I not so secretly wish I had a little more Tony Bourdain in me. In a world of fake folks, Tony is among a rare few television personalities who says what he thinks (with or without the assistance of the local beverage of choice).
If you have never watched his show No Reservations, you must do so immediately. Tony visits cities and regions the world over. Part food t.v., part travel diary and part autobiography, the show offers its viewers divine images of local markets or seedy back alley restaurants or off-the-beaten-path bars. Recent episodes on Brittany, France and the Italian island of Sardinia were especially tasty.
While the images in Tony's show are consistently visually innovative, his words, his insights are what keep me tuning in. Often snarky, regularly acerbic, Tony observes the cultures around him with truth and humor.
All of this Tony praise is geared at introducing his latest book: Medium Raw: A Bloody Valentine to the World of Food and the People Who Cook. Like his first book nearly ten years ago, Kitchen Confidential, Bourdain exposes the restaurant world from the point of view of a seasoned chef.
In this new book, he describes food "heroes" and "villains." Heroes include genius NYC chefs like Eric Ripert and David Chang. I completely concur with his categorization of Sandra Lee as a food villain. Lee grates on my nerves, like a microplane to a garlic clove, with her contrived and forced recipes---I once watched her make a Kwanzaa cake that looked like (and no doubt tasted like) a play dough creation with wild unappetizing colors.
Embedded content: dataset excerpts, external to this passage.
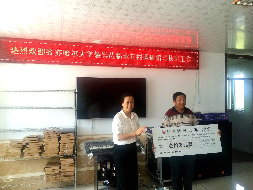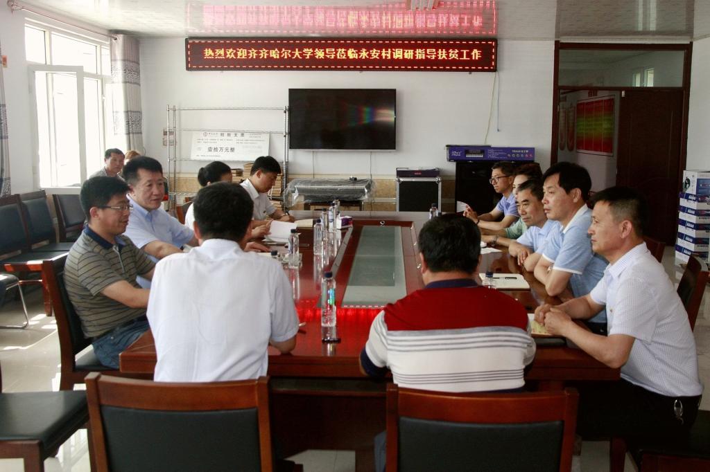 7月19日,校党委书记兰景力、校长陈桂芝带领学校相关部门领导,深入我校定点帮扶村拜泉县上升乡永安村调研指导扶贫帮扶工作,了解学校扶贫工作队驻村工作进展情况,走访慰问贫困村民,为帮扶村送上慰问金。拜泉县政协主席王民发、 县委常委统战部部长马占海、副县长李颖、县委组织部副部长杨和勇、乡党委书记吴凤波 、乡长马春城、驻村工作队成员及村干部陪同调研。
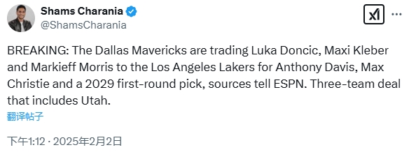 濃眉與東契奇互換?美記震驚:Shams被盜號了? 02月02日訊 Shams爆料,三方交易,東契奇被交易至湖人,濃眉去到獨行俠。記者Jay King震驚:“Shams被盜號了嗎?真的?我的發(fā)!” 2025/02/02
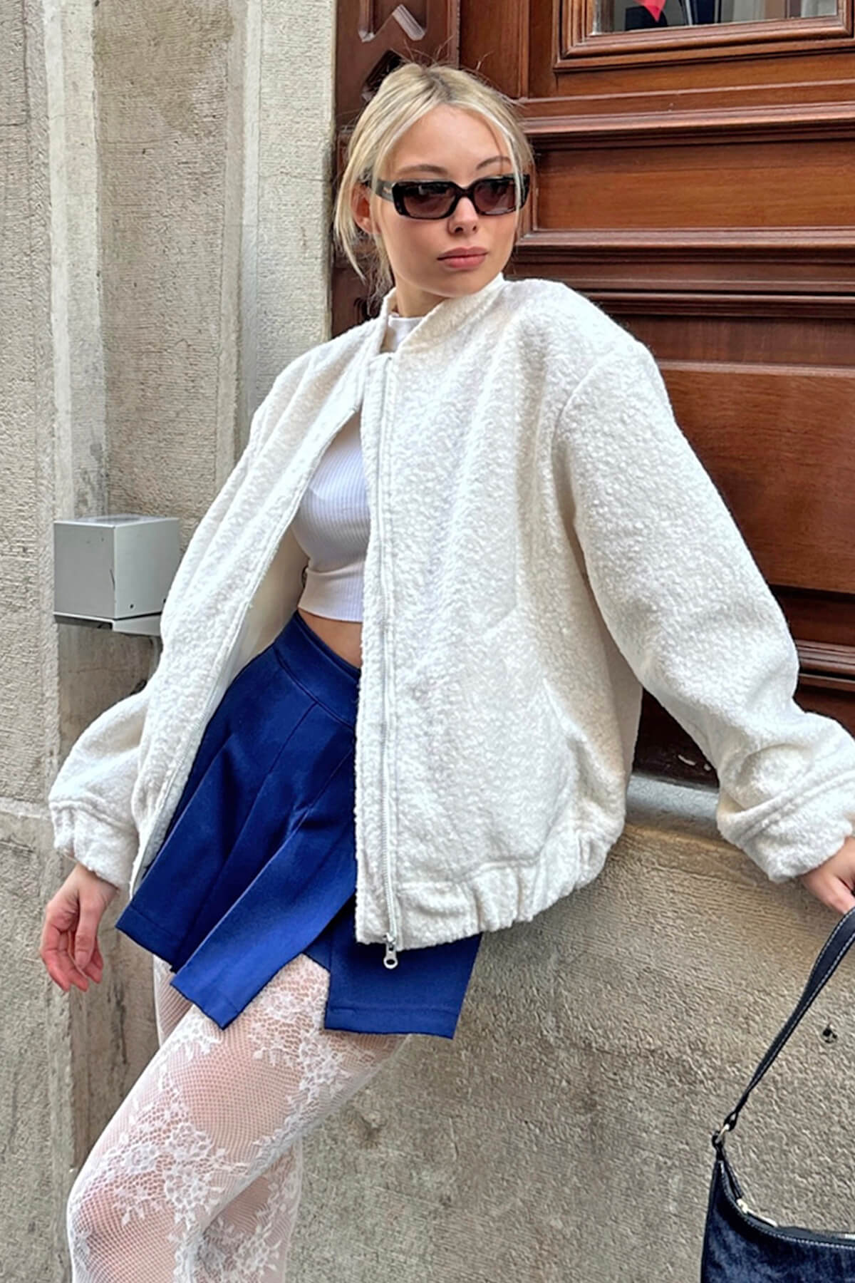| Beyaz Cepli Bisiklet Yaka Fermuarlı Buklet Kadın Bomber Ceket | |
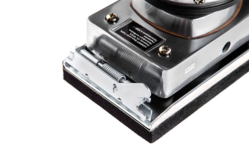 - Оснастка плотно фиксируется зажимами. На замену уходит пара секунд, во время работы шлифлисты не слетают и не заминаются.
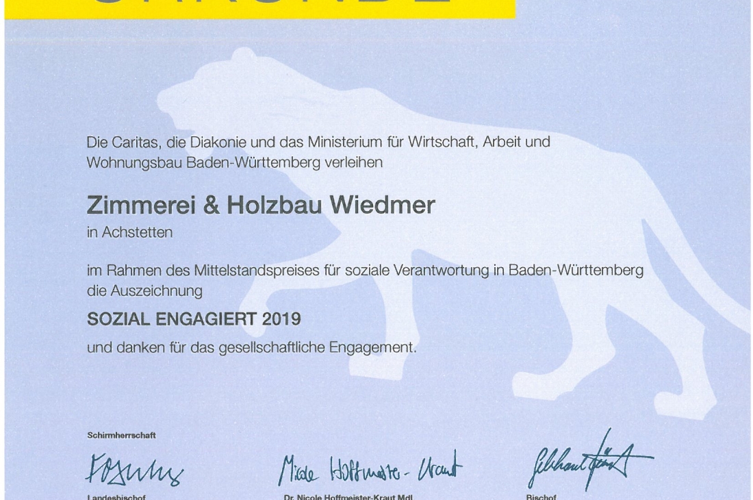 Zimmerei & Holzbau Wiedmer als sozial engagiertes Unternehmen ausgezeichnet

Her fussy "tablescapes" with their silk flowers and matchy placesettings are the antithesis of refined or elegant dining. But, back to the book....
If Medium Raw proves to be like his other works, I have no doubt that I'll be laughing at Bourdain's spicy language and soaking in his acidic commentary.
As soon as I can get my hands on a copy of the new book which releases tomorrow, I'll be back with a review.